Cette odeur âcre et pénétrante qu'exhalaient les tiges brisées, c'était la senteur fécondante, le suc puissant de la vie, qu'élaborent lentement les cercueils et qui grisent de désirs les amants égarés dans la solitude des sentiers.397

Les parfums, qui poussent à l'amour et à la jouissance, prouvent la victoire de la vie sur la mort, celle des fleurs, des plantes, sur les cadavres. Dans La Faute de l’Abbé Mouret, c'est la religion qui s'oppose à cette victoire, à l’appel de la végétation398. Dans La Fortune des Rougon, c'est la violence humaine, puisque Silvère se fait tuer au cours du soulèvement de 1852 contre le coup d’Etat399. Excréments et pourriture sont recyclés, réintégrés dans une vision globale de la Nature, entendue comme puissance créatrice infinie. De même que le fumier était converti en vie végétale, de même la pourriture issue de la mort nourrit la vie.

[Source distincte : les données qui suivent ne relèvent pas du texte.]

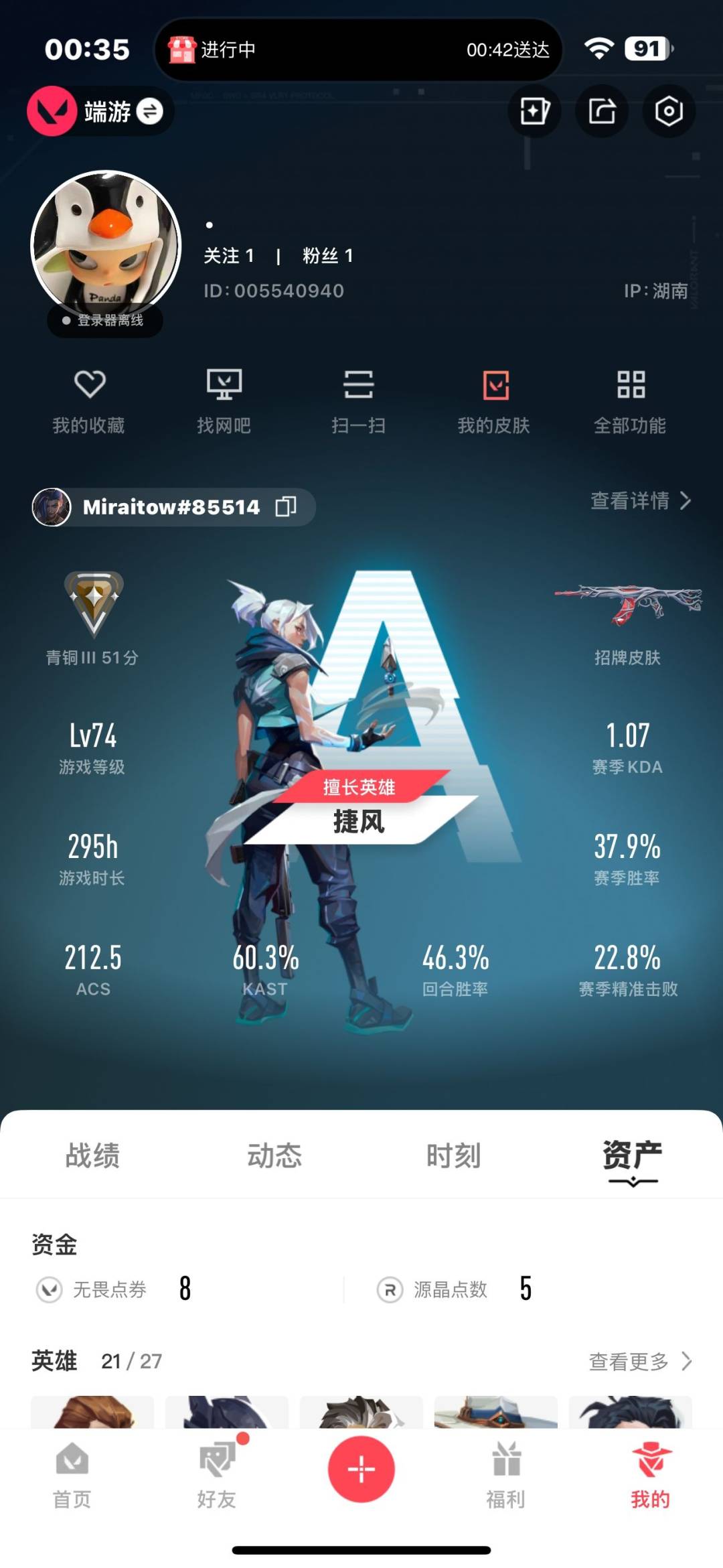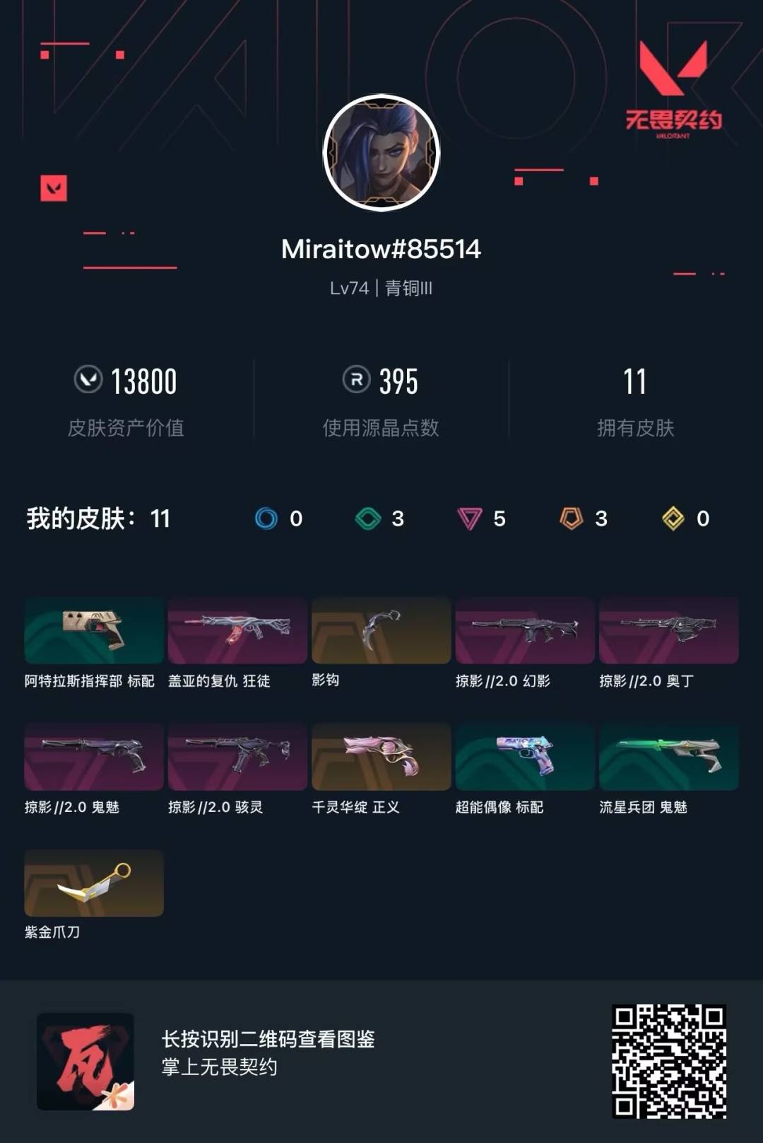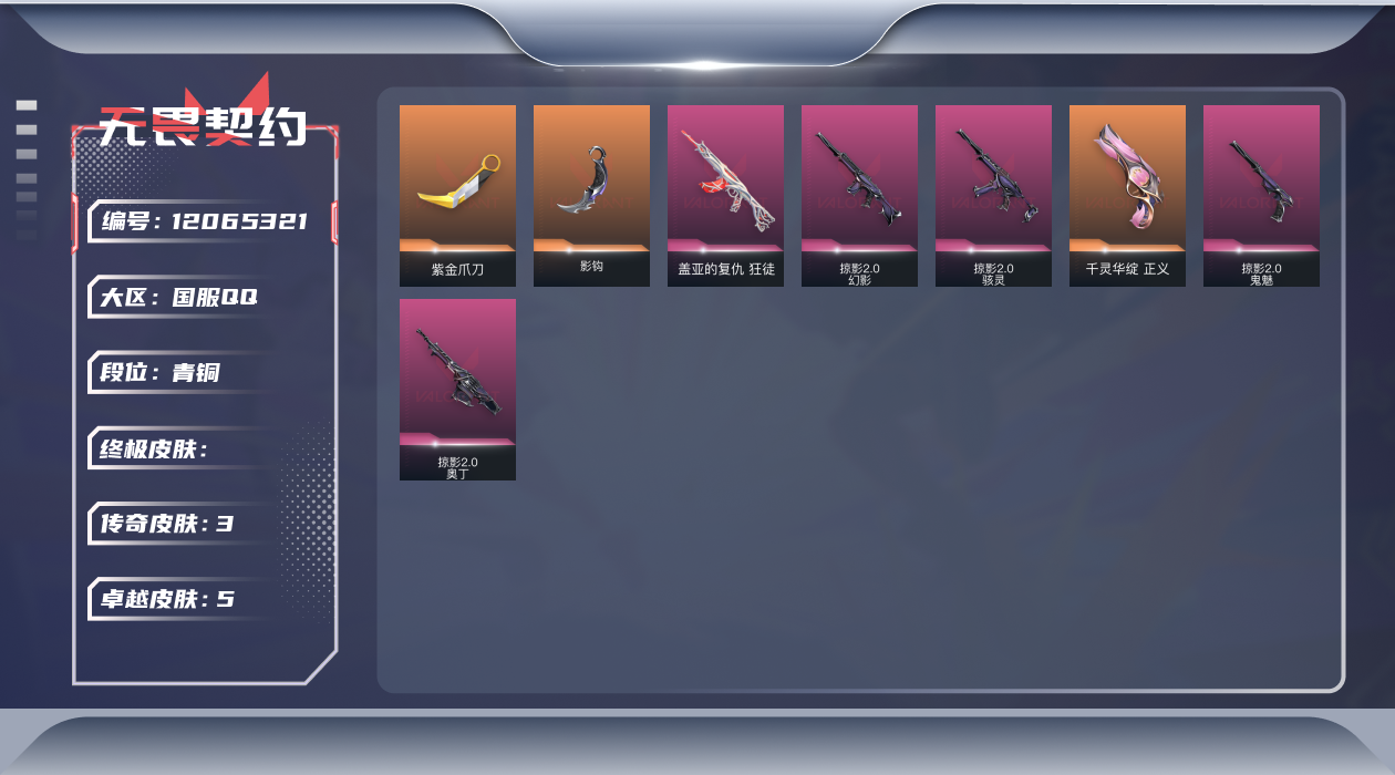 [12065321]3橙皮 5紫皮 11皮肤 21英雄 46卡面 395已用源晶 青铜 优质装备:狂徒-盖亚的复仇,正义-千灵华绽,紫金爪刀,影钩 套装:掠影2.0套装 佩枪皮肤:鬼魅-掠影2.0 冲锋枪皮肤:骇灵-掠影2.0 步枪皮肤:幻影-掠影2.0 机枪皮肤:奥丁-掠影2.0

Comme chez les Goncourt, vie et mort sont au travail au sein de la nature. Mais le point de vue sur ce travail diffère : pour les uns, la nature utilise la vie pour l’intégrer dans un processus de mort, pour l’autre, la nature crée, grâce à la mort, de la vie.

396 Zola La Fortune des Rougon (Paris, Lacroix, 1871) GF, 1969, p.38.

397 Ibid, p.258.

398 Voir l’analyse de La Faute de l’Abbé Mouret dans la première partie.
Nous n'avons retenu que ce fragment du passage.